Explant material preparation
In April 2017, stems were collected from plants at the same location stated above. Stem cuttings were placed into 0.1% (v/v) dishwashing liquid (diluted with water) for 2 min, after which the surface of the segment and leaf was finely brushed under tap water to remove the surface dirt. Stems were cleared of leaves, after which they were cut into 2-cm-long pieces. Because the stem surface is densely covered with glandular and cotton hairs to which dust and bacteria easily adhere, it is necessary to thoroughly sterilize each explant. Ten different sterilization procedures were tested, the details of which are presented in Table 2. Each procedure involved 18 to 21 pots with one explant per pot.

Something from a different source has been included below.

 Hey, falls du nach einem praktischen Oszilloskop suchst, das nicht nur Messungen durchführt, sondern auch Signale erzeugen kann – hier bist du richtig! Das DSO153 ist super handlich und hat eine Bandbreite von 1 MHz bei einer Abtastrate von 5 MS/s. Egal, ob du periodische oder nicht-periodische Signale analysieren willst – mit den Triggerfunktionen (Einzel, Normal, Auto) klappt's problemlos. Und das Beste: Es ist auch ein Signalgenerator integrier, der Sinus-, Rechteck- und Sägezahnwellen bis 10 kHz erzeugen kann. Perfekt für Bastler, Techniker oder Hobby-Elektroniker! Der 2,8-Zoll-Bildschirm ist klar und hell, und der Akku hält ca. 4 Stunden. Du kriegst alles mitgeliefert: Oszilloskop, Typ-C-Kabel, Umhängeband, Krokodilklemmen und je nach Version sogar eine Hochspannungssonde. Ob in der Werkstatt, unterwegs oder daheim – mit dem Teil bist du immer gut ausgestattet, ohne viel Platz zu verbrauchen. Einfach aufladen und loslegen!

After freshly cutting small nodal segments (1 to 2 cm), sterile explants were inoculated on Murashige and Skoog (MS) (Murashige and Skoog 1962) medium supplemented with 2.5 mg L−1 6-BA, 0.2 mg L−1 NAA, and 3% (w/v) sucrose (Wang and Qiu 2018b), solidified with 0.2% (w/v) gelrite (Sigma-Aldrich, St. Louis, MO). All cultures were maintained at 25 ± 2°C and cultured under a 12-h photoperiod with a light intensity of 40 μmol m−2 s−1, which was provided by cool white fluorescent lamps (12w; Phillips, Beijing, China). After new shoots were induced, shoots were separated and transferred to fresh MS basal medium as described above at a 3-wk interval. Shoot tips and nodal stems from successive secondary cultures (3 to 4 cycles) were excised and used as a source of explants.

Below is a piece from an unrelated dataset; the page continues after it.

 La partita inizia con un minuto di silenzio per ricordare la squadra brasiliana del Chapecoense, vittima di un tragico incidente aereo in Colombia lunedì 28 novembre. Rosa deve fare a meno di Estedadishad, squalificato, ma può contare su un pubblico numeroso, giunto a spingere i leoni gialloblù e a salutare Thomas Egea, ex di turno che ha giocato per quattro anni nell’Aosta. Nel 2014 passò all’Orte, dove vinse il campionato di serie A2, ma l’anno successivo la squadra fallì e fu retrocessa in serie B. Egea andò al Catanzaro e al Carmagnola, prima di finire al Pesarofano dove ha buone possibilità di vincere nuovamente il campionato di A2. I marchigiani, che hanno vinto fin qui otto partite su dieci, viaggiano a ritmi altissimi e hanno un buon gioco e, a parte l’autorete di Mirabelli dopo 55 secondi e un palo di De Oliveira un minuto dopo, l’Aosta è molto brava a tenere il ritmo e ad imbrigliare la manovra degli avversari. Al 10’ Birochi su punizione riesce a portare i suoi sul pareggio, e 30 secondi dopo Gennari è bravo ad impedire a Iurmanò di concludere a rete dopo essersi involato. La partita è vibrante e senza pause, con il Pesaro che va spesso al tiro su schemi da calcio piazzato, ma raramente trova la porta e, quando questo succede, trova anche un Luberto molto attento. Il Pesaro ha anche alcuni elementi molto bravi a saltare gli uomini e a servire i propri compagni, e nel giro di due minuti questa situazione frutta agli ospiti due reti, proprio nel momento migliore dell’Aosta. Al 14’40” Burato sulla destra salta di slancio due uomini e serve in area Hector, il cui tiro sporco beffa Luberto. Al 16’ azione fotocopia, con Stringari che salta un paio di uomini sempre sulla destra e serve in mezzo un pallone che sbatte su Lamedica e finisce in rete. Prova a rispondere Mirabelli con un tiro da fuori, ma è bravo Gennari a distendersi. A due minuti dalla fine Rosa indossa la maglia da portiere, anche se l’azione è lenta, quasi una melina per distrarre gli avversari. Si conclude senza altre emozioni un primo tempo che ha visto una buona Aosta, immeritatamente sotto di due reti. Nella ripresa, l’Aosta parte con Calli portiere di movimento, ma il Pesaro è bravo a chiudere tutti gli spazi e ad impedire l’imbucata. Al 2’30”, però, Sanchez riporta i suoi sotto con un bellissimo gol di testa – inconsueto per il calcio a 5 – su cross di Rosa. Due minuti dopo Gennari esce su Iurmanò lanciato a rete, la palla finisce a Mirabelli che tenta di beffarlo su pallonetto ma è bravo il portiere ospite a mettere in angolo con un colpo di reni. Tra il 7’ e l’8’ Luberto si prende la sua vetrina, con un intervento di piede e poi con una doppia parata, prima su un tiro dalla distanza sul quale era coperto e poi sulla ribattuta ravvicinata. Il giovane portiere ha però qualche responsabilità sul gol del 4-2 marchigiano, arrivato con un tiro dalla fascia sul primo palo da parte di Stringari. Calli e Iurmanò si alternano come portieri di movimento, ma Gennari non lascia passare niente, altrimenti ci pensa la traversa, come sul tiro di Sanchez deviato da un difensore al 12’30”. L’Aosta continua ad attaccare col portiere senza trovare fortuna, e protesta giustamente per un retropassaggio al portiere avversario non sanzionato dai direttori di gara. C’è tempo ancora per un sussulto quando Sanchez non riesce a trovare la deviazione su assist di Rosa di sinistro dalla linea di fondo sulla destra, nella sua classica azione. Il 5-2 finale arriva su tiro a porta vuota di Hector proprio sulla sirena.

Shoot induction and multiplication
MS medium supplemented with various concentrations of 6-BA and NAA was used for shoot multiplication (Table 3). To compare the shoot induction ability of different explants, one to two cm long shoot tip and nodal stem segments were tested. The culture conditions were the same as those used for the shoot induction of field grown plants. Each treatment was replicated four times with 10 to 14 explants per replicated treatment. The time elapsed until buds breaking and the multiplication frequency (number shoots per explant) was recorded.

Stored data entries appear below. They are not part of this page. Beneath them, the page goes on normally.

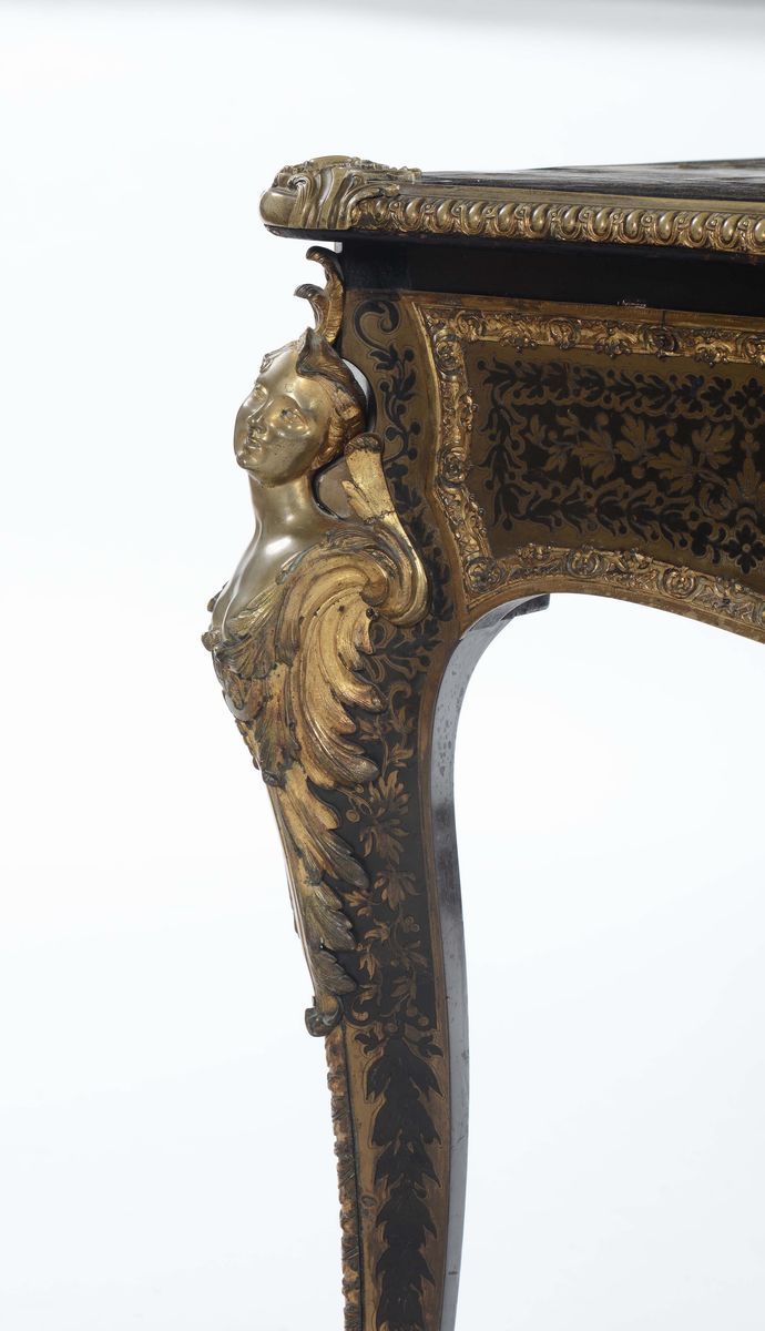tre cassetti sulla fascia centrati da volto di Bacco da cui si dipartono elementi di uva e vite in bronzo dorato, fasce modanate, gambe mosse con figure femminili in bronzo dorato all'innesto, piedi a ricciolo. Piano in pelle, fasce e gambe decorati da un intarsio a motivo fogliaceo, cm 157x85x77
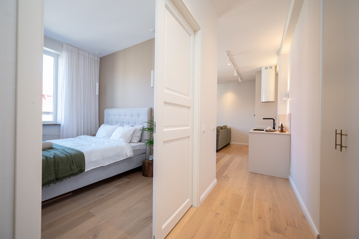 El espacioso (60 m2) y moderno, pero acogedor estudio (= apartamento de planta abierta) te espera en una ubicación perfecta, a poca distancia a pie de todo lo que el centro de la ciudad de Tallin tiene para ofrecer, ¡incluido el casco antiguo medieval! El departamento cuenta con cocina totalmente equipada y baño con jacuzzi. Estacionamiento gratuito disponible en el patio cerrado. Hay una parada de transporte público y una parada de taxis a 200 metros. Perfecto para parejas, amigos y familias, pero también para aventureros solitarios. Listo para viajeros de negocios.
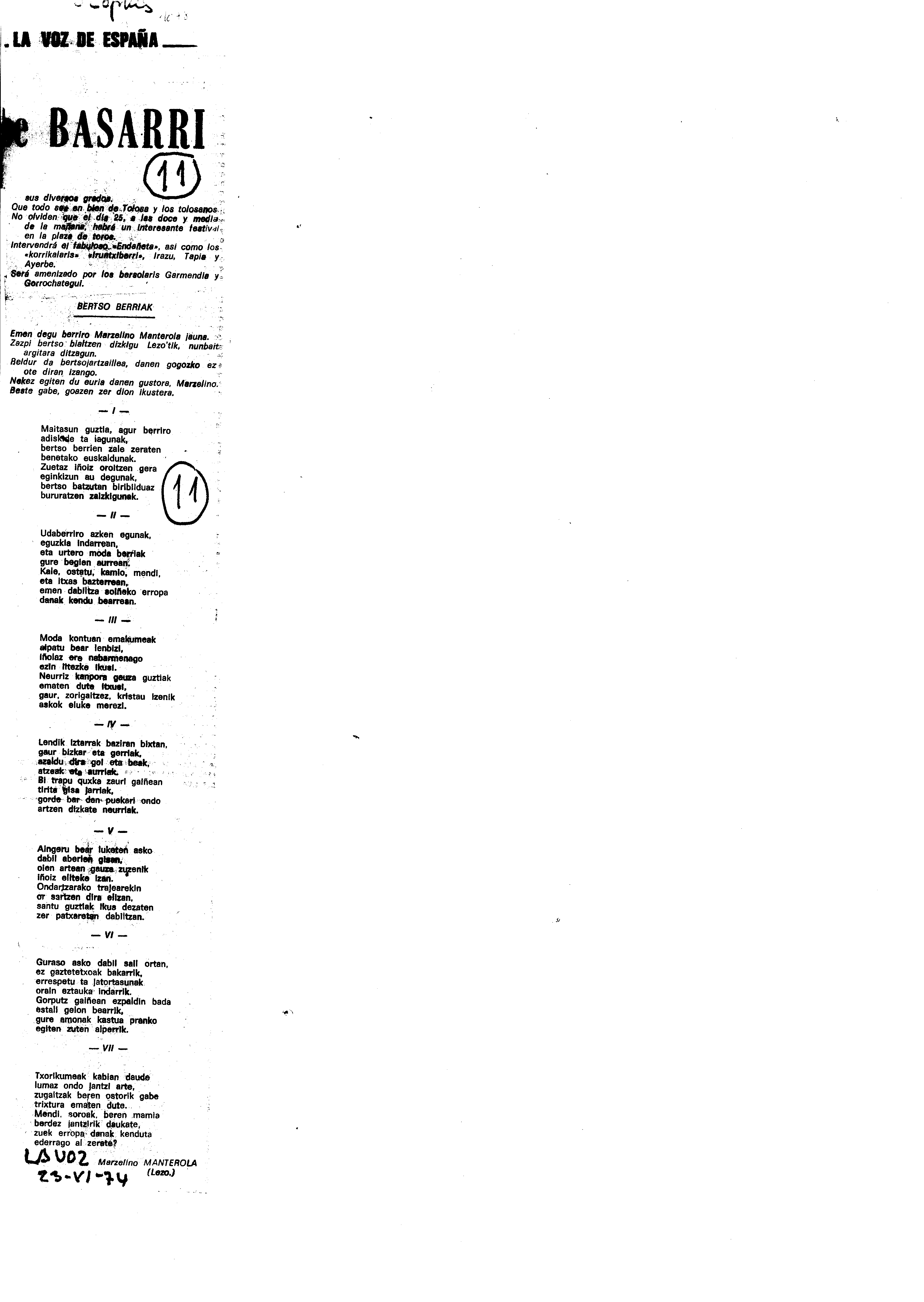 Mendaro Txirristaka Bertso-Paper Saria (1. 1974)
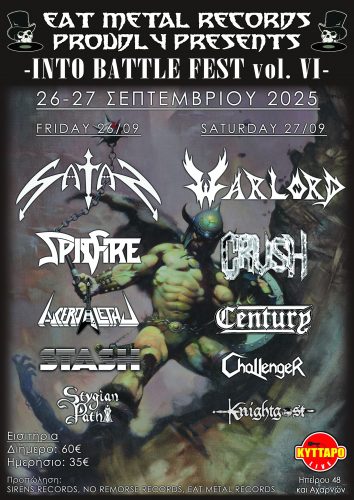 Шестото издание на култовия хеви метъл фестивал INTO BATTLE FESTIVAL, организиран от лейбъла EAT METAL RECORDS стартира днес, 26-и септември, продължава два дена и има и бонус концерт -афтърпарти в неделя 28-и! Събитията се провеждат в клуб KYTTARO в Атина и привличат фенове от цял свят с добре подбрания лайн-ъп само за маниаци на жанра.
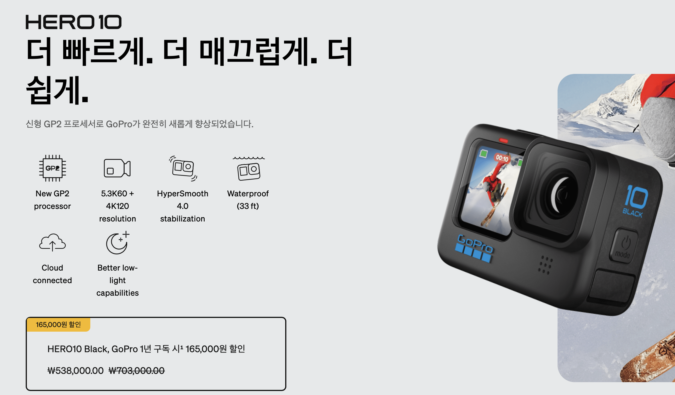 고프로10이 분명 변화는 있었어요. 근데, 굳이 살만한 이유가 있지는 않아보여요. 아이폰12와 아이폰13과 같은 비교랄까요...? 고프로8과 고프로9은 아주 큰 차이(전면디스플레이)가 있었기 때문에 고프로9을 살 가치가 충분했죠. 근데 이번에는 아니에요. 고프로10을 구매하는 돈이면 고프로9을 구매하고 액세서리를 몇 개 더 추가하는게 현명하죠. 마지막으로, 한 달 뒤면 블랙프라이데이 세일을 시작합니다. 고프로는 항상 블랙프라이데이마다 엄청난 딜을 보여주죠. 그때까지 조금만 참았다가 결제하시는 걸 추천드립니다. 고프로9 1년 사용기도 바로 올릴게요~

Focus was placed on nodal stem segments due to a higher in vitro multiplication frequency and number of shoots. Healthy in vitro shoots were excised, cut into nodal stem segments (1.5 to 2.0 cm long with two leaves), and placed on MS medium supplemented with various hormone combinations (Table 4). To quantify the optimal shoot induction protocol, the number of shoots per explant, micro-shoot length, and shoot characteristics and quality were recorded after three cycles of subculture at a three-wk interval. Each treatment was replicated four times (one bottle for each replicated treatment with 10 explants per bottle).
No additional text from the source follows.